Even Stevens’s CBR-III review #25 – Eve by Iris Johansen

I used to be a huge fan of Iris Johansen’s Eve Duncan books. As the series went on (and she cranks out about one a year), the quality definitely started to wane, but they were still enjoyable to me. I picked up the most recent book in the series, Eve, and as I began reading I realized that the general storyline was the same, but I didn’t remember a few of the events they were referring to. So I checked in with Amazon and it turns out I actually missed about 3 books in the series and I felt like I hadn’t skipped a beat (I say ‘about’ because there’s one that sounds familiar and I genuinely cannot remember if I read it or not). These books have sadly become the equivalent of a daytime soap opera; you can miss a huge chunk of time, tune back in, and jump right into the story with no problem. For daytime soaps, that’s ok, but for a book series, not ok. In addition, the dialogue has become both predictable and terrible. There are some seriously clunky passages going on in this book and the characters say things and express themselves in ways that no person does in real life.

The Eve Duncan books have always had a connecting plot line: Eve is trying to figure out who killed her 7-year-old daughter, Bonnie, several years ago. They never found a body but Eve still gets…hallucinations? Ghostly visits? Whatever they are, she still sees and talks to Bonnie (only when Bonnie feels like appearing, of course) years after her presumed death. So going back four books to the last one I had read, Eve had gotten information about three key suspects that may have killed Bonnie. All this time later, she still hasn’t gotten through the list. I tell you the plot of the previous books because this book has almost zero plot. The first quarter of the book is how she met Bonnie’s father, John Gallo, and lost her virginity to him, spending a few weeks in a sex haze with him before he goes off to the Army. Really. More than a hundred pages spent on this.

Predictably, John Gallo shows up, shocking Eve because she had heard he died years ago. Of course, her and John Gallo have a complicated relationship from that point on. Do you notice I keep calling him by his full name, John Gallo? That’s because Johansen does the same thing, like a tic she can’t get rid of. John Gallo wasn’t like other men. She could see John Gallo struggled to keep it together. John Gallo, John Gallo, John Gallo. Lord, it was annoying. But I digress. So anyway, one of her candidates on the list of people who may have killed Bonnie, Paul Black, shows up to hunt Gallo, as the two of them have a history together (because of course they do). The book spans all of three days and I think I’ve actually managed to make the events sound a lot more interesting than they are.

Eve used to be a strong, smart character that was fun to read. She has turned into a one note harpy, who does really stupid things and endangers the people she loves.
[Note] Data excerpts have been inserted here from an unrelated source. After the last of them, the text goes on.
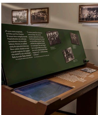
Religious school desk

From the Street, enter the third doorway on the right to the Politics area. Across the Street, in the Culture area, is a wall of newspapers – in the Polish section you will find Ewa .
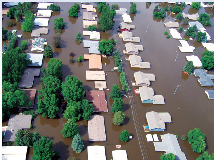
Inundated homes in Minot in 2011.

Record shattering flooding in 2011 caused damage throughout North Dakota, but the impacts were especially severe in the cities of Minot and Burlington, and Ward County. At their Feb. 2 teleconference meeting, the Water Commission approved requests from Minot, Burlington, and Ward County for financial assistance in the acquisition of property for future flood control projects. Funding for these projects was appropriated to the SWC in Senate Bill 2371 during the Special Legislative Assembly that was held last fall.
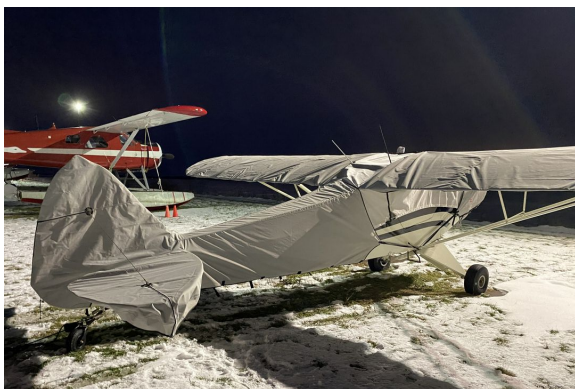
PA-18 Super Cub Winter Cover Set

This cover type is made from Silver Acrylic Sunbrella canvas and is 100% lined with a soft and smooth microfiber. Bruce's Custom Covers developed this material combination especially for aircraft protection. The outer material is medium weight and treated for water resistance, UV resistance and anti-static buildup. The inner lining is a very soft and smooth microfiber to prevent scratching. The material is very reflective, and tests show that the cabin interior temperature can be reduced to near-ambient temperature on the hottest of days. It is water, ice and snow repellent, yet breathable to allow moisture to escape from between the cover and the aircraft surface.
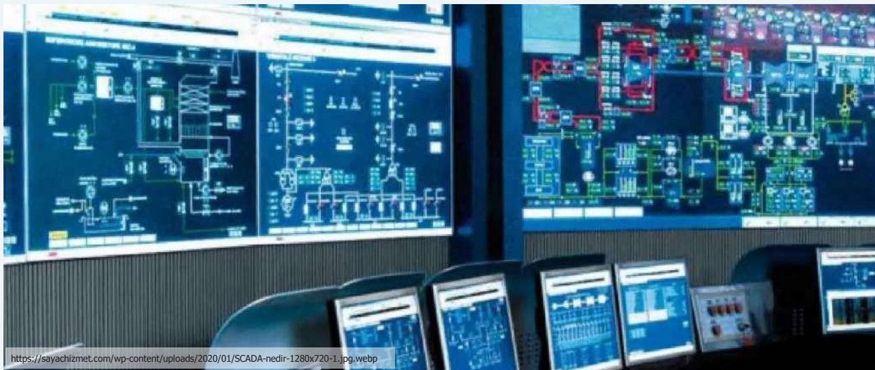
Computer Aided Control System

In our country, reverse osmosis (RO) concentrates are combined with other wastewater streams and given to the wastewater treatment plant channel. The concentrates formed in the RO systems used for additional hardness removal can be used in garden irrigation, in-plant and tank-equipment cleaning (TUBITAK MAM, 2016; MoAF, 2021). In addition, with the structuring of raw water quality monitoring, it is possible to re-evaluate RO concentrates by feeding them back into raw water reservoirs and mixing them (MoAF, 2021).
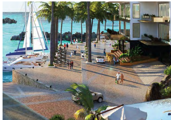
Police Bay Mahe, Seychelles Hospitality
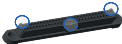
Molded LCP Polarized
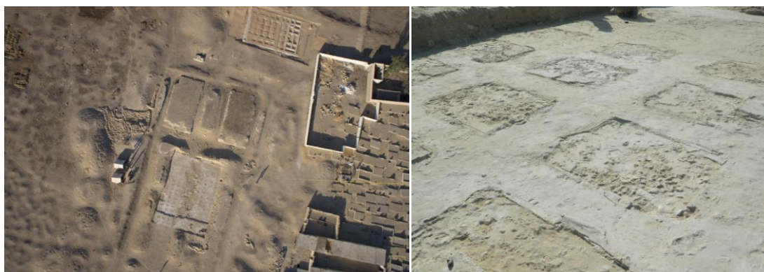
Figure 2: aerial photography showing the frontal part of the Great Aten Temple and the nearest tombs of the modern cemetery (north to the right). Figure 3: foundations of the offering tables at the Great Aten Temple (Oct. and Nov. 2012 fieldwork).

It is a large and expensive project which is pushing our resources to the very limits. It will take several years to make significant progress. But at the end I hope we will have a more detailed record of the building that will be better protected from further loss of its land. The temple will also be available for visitors to inspect and see the unusual design it had, filled with offering tables (figures 3), which tell a lot about how Akhenaten saw the needs of the Aten and its cult. And, of course, visitors will be able to make a comparison for themselves between what they see on the ground and the pictures they can see in the tombs.
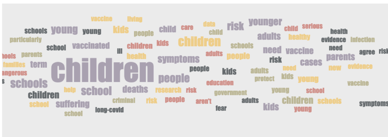
Figure 2: Keywords Word Cloud by emotion in Long COVID CYP analyses
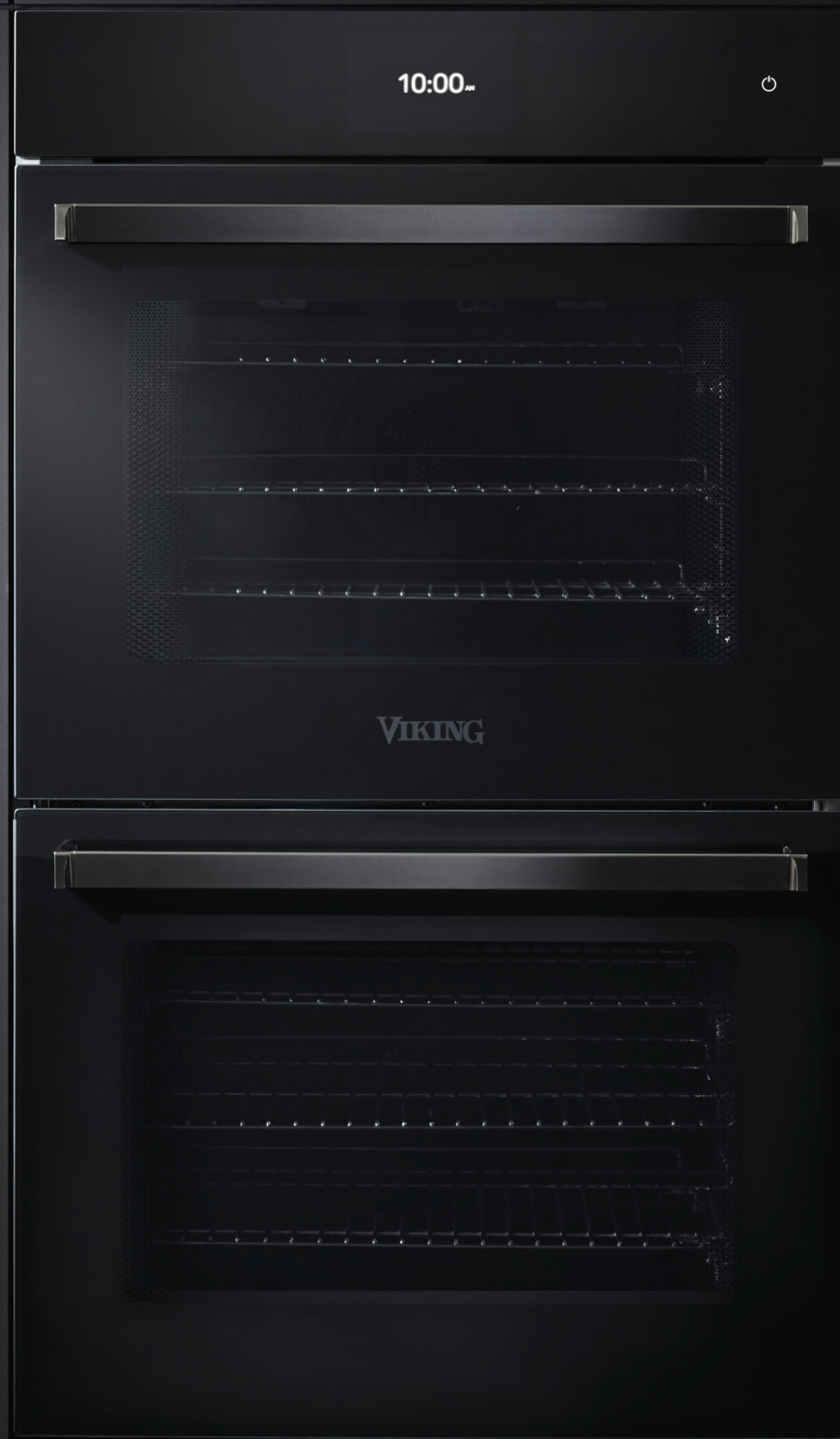
VIKING RVL DOUBLE OVEN IN BLACK GLASS
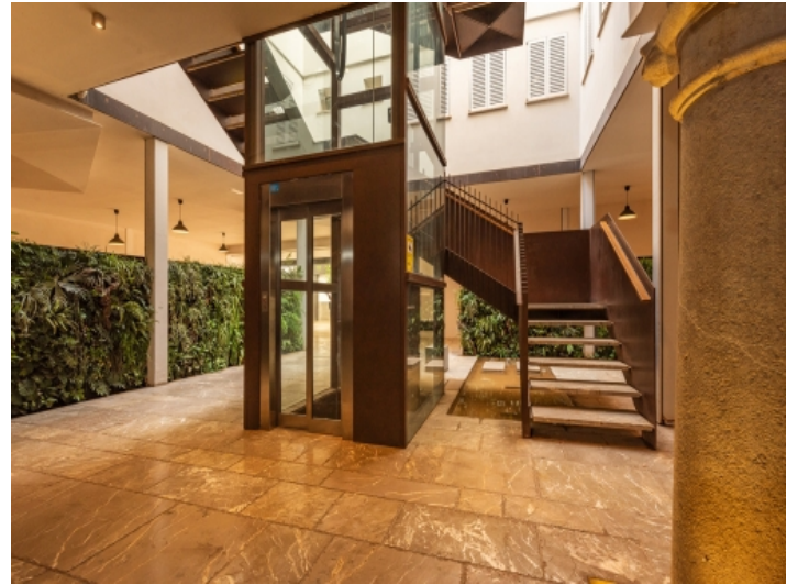
Hall with elegant elevator
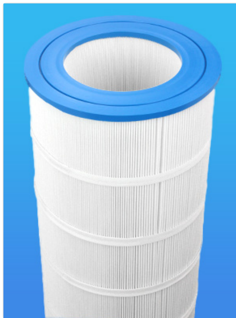
Image: Pureline filter cartridge ready for installation.
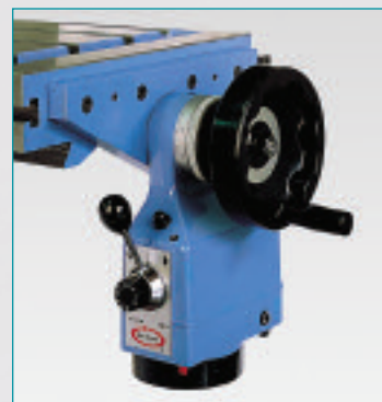
SERVO X SERVO Y Electronic "SERVO" feed unit for X/Y axes. Feed range: .79 to 39.37 in/min Rapid feed: 39.37 in/min Available for MH-4 cross table
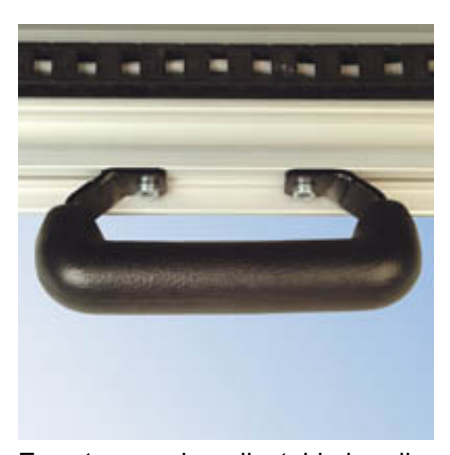
Easy to carry by adjustable handle integrated in rail.
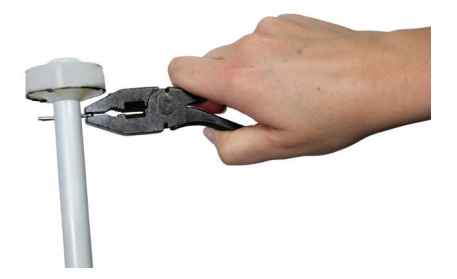
Step 1 Unscrew the top piece.
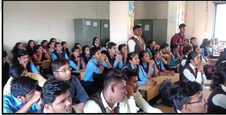
Students Attending Orientation Program
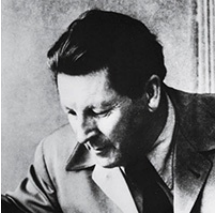
Gerrit Thomas Rietveld

Gerrit Thomas Rietveld, born in Utrecht on 24 June 1888, seems possessed of two personalities, each so distinct that one might take his work to be that of more than one artist. The first personality is that seen in the craftsman cabinet-maker working in a primordial idiom, re-inventing chairs and other furniture as if no one had ever built them before him and following a structural code all of his own; the second is that of the architect working with elegant formulas, determined to drive home the rationalist and neoplastic message in the context of European architecture. The two activities alternate, overlap, and fuse in a perfect osmosis unfolding then into a logical sequence. In 1918 Rietveld joined the "De Stijl" movement which had sprung up around the review of that name founded the year before by Theo van Doesburg. The group assimilated and translated into ideology certain laws on the dynamic breakdown of compositions (carrying them to an extreme) that had already been expressed in painting by the cubists: the "De Stijl" artists also carefully studied the architectonic lesson taught by the great Frank Lloyd Wright, whose influence was widely felt in Europe at that time.
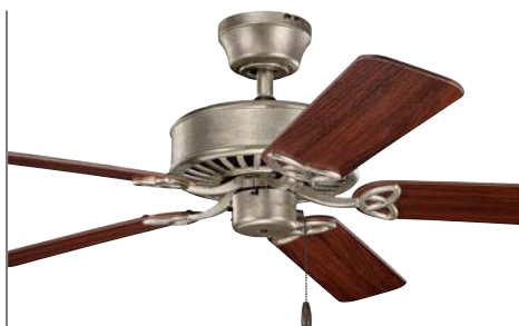
330100SGD Sterling Gold Finish Walnut Blades
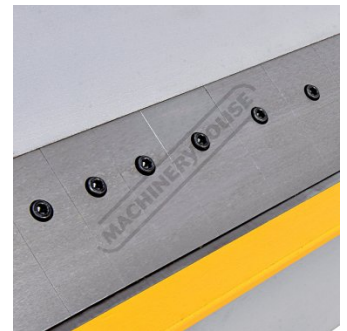
Removable Fingers for Bending Pans or Boxes
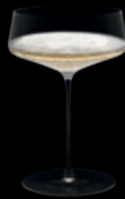
Champagne saucer 08

86 cl 29 oz H 260 mm 10 ¼ " D 100 mm 4 " No. 64900 A 0000
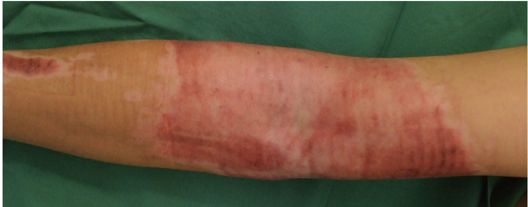
Fig. 3. Four-week postoperative image, showing complete healing without re-excision or skin grafting.
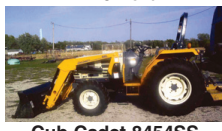
Cub Cadet 8454SS
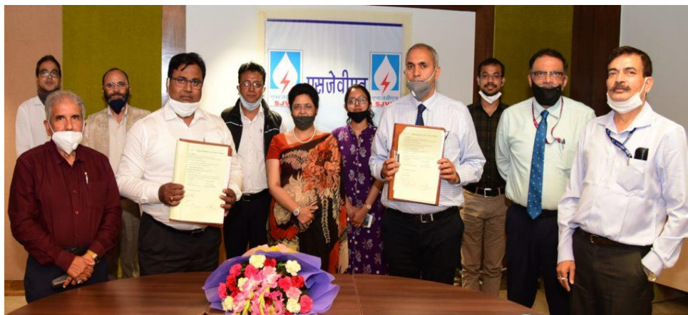
Figure 5. Signing of MoU between SJVN, NABARD and HARP on 7 July 2020 for the implementation Integrated Tribal Development Programme in Bari and Tranda gram panchayats of district Kinnaur.

Another programme of Integrated Tribal Development Programme in two (now three) gram panchayats of Nichar block, district Kinnaur, Himachal Pradesh, namely; Chaura, Tranda and Bari was signed during July 2020 between NABARD, SJVNL and HARP. It was awarded to HARP for implementation. Project is of six years which will remain operative upto 2026-27.
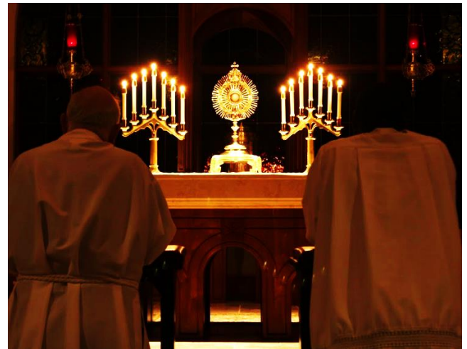
Adoration at Holy Apostles College & Seminary
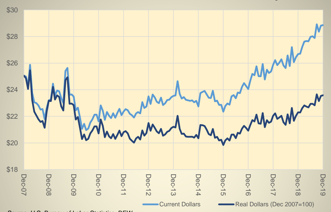
S.C. Average Hourly Wage Professional and Business Services Industry
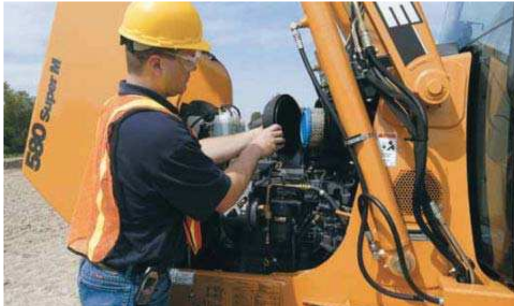
The M Series has a flip-up one-piece hood for easy access to the engine. Daily service points are conveniently grouped and can be reached from ground level. Designed for long life and superior service ease, Case M Series 2 Loader Backhoes deliver on your investment.

A componentized powertrain makes fast repairs of major components possible. The availability of remanufactured components for engines, torque converters, transmissions and axles keeps repair costs to a minimum.
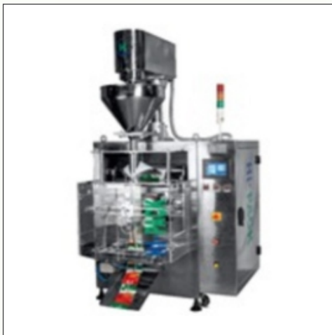
Spices Powder Packaging Machine
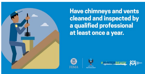
Have Chimneys And Vents Inspected gif English
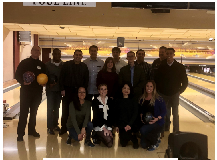
2020 Annual Bowling – Networking Event
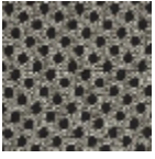
L5048_TOURB ILLONS_B54_F E
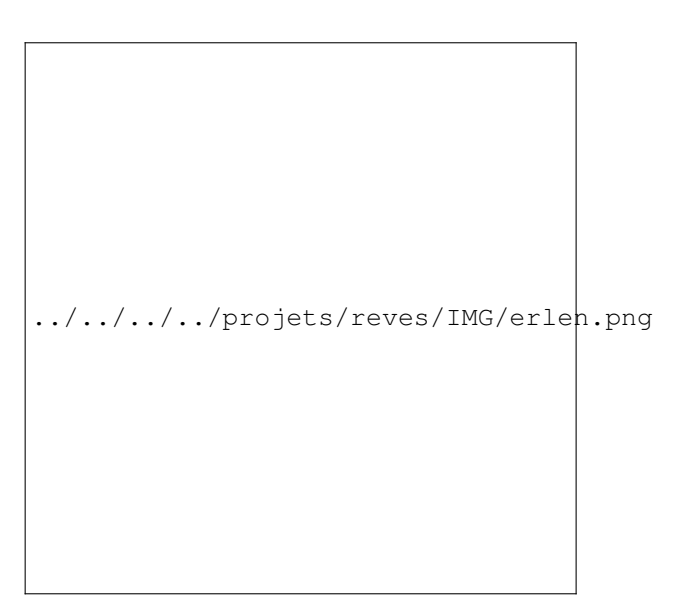
Figure 1. Plausible rendering of an outdoors scene containing points, lines and polygons [22], representing a scene with trees, grass and flowers. We can achieve 7-8 frames per second compared to tens of seconds per image using standard polygonal rendering.

Similar to image rendering, plausible approaches can be designed for audio rendering. For instance, the complexity of rendering high order reflections of sound waves makes current geometrical approaches inappropriate. However, such high order reflections drive our auditory perception of "reverberation" in a virtual environment and are thus a key aspect of a plausible audio rendering approach. In complex environments, such as cities, with a high geometrical complexity, hundreds or thousands of pedestrians and vehicles, the acoustic field is extremely rich. Here again, current geometrical approaches cannot be used due to the overwhelming number of sound sources to process. We study approaches for statistical modeling of sound scenes to efficiently deal with such complex environments. We also study perceptual approaches to audio rendering which can result in high efficiency rendering algorithms while preserving visual-auditory consistency if required.
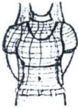
No see-through or fish-net tops
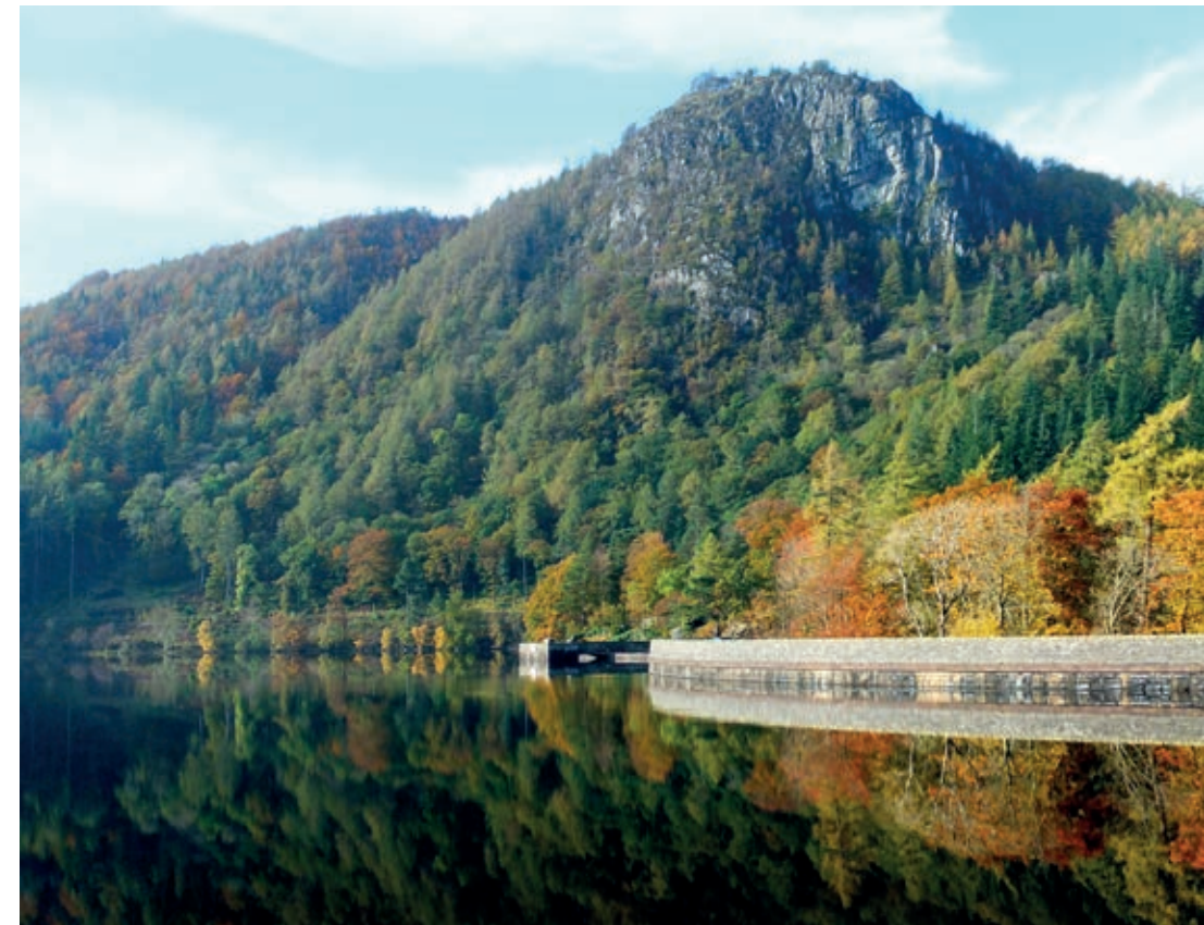
NO. 11 Thirlmere
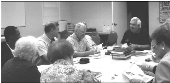
Spring Board Meeting, St. Augustine, April 25, 2008
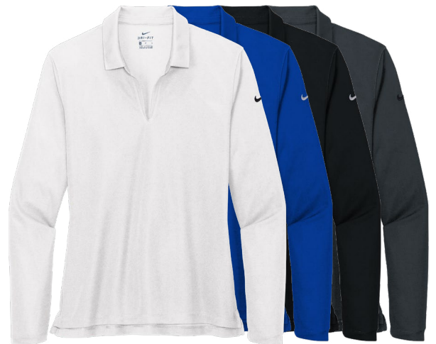
NIKE Ladies Dri-FIT Micro Pique 2.0 Long Sleeve Polo NKDC2105 Women's Sizes: S-2XL | 7 colors
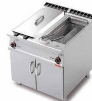
FRYER DOUBLE WELL
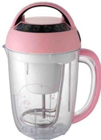
Fig. 7: The color design of soybean-milk machine satisfying the request of environment and function

Contrary, the color matches more much, causing the color more disorderly, so that it is difficult to adjust generally, the main body characteristic is unclear and the harmonious effect is broken.
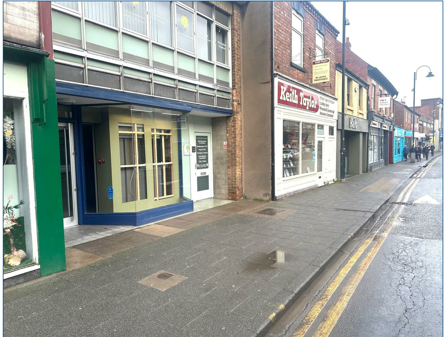
58, Gowthorpe, YO8 4ET
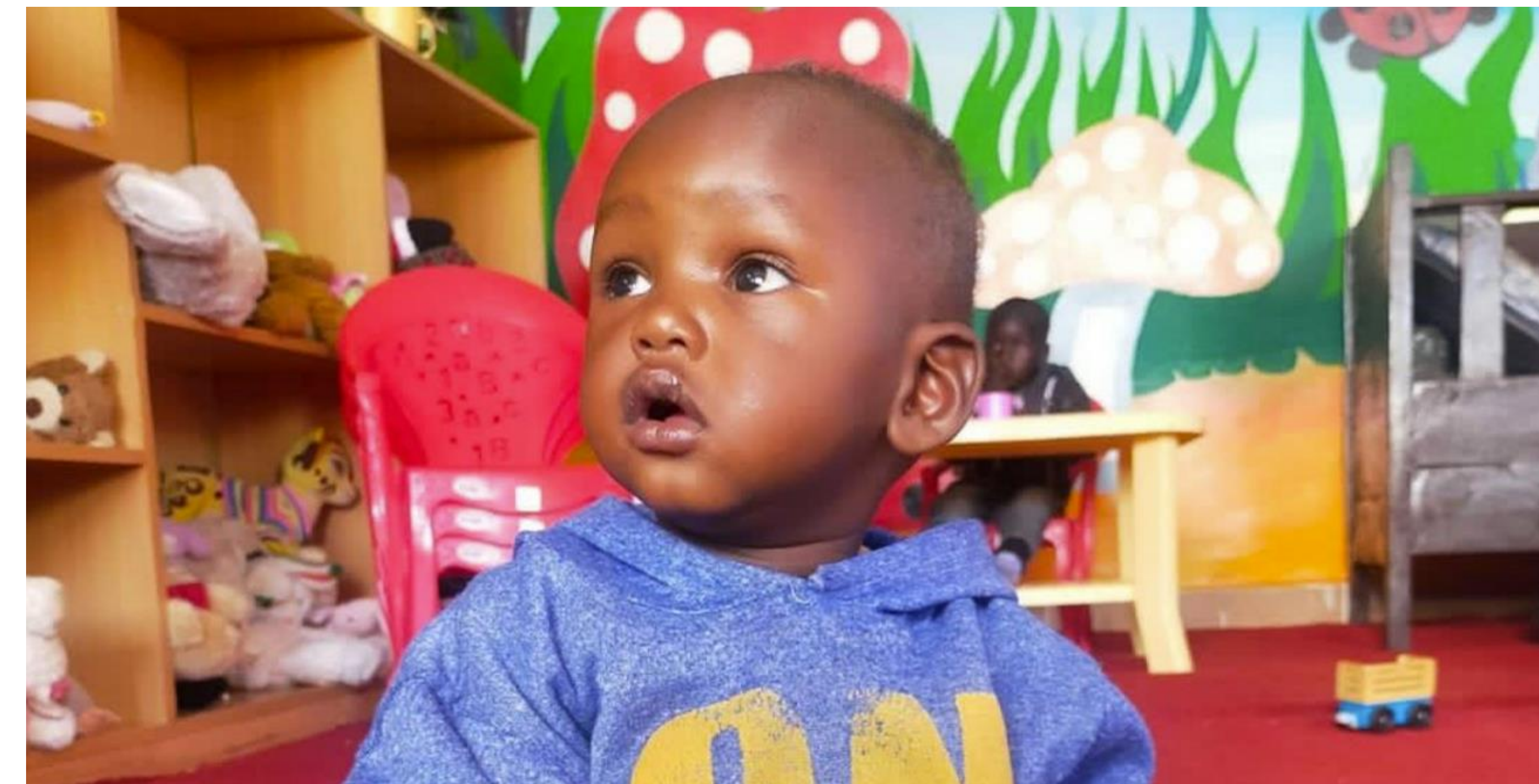
One of the six children enrolled in the day care, September 2022.

Oh, and she’s on her way to being a bonafide Mary Sue, too. Lately all the slightly dangerous, unbalanced men she comes into contact with are drawn to her and they have “complicated” relationships. Johansen has also all but abandoned the fact that Eve is a forensic sculptor (who reconstructs skulls). That got about three mentions before it fell completely by the wayside. The rest of the characters, mainly Joe Quinn, have become equally one note and grating. The good guys are also super good and noble, and the bad guys are beyond-evil mustache-twirling fiends who also, quite conveniently, reveal all their motivations and evil plans before exiting the story (this is true of several of the books, actually).

Also, while I used to care about what happened to Bonnie, Johansen has gone beyond beating a dead horse with it. Several people have claimed they killed Bonnie over the years, and not one of them ever really did. It’s time to close that chapter and move on. If you can’t find another way to write for your character, then end her story altogether.

I’ll end my tirade her because I think that I could go on for days about my hatred of what Johansen has done to these books and characters. She’s going the way of James Patterson, cranking out a book a year, and this year it’s actually three books, so I’m sure they will be just as mesmerizing as this one. This book has convinced me to end my relationship with Eve Duncan. Maybe in ten years I can pick up another one and see if they finally found Bonnie, but I probably shouldn’t kid myself, they still won’t have found her killer by then.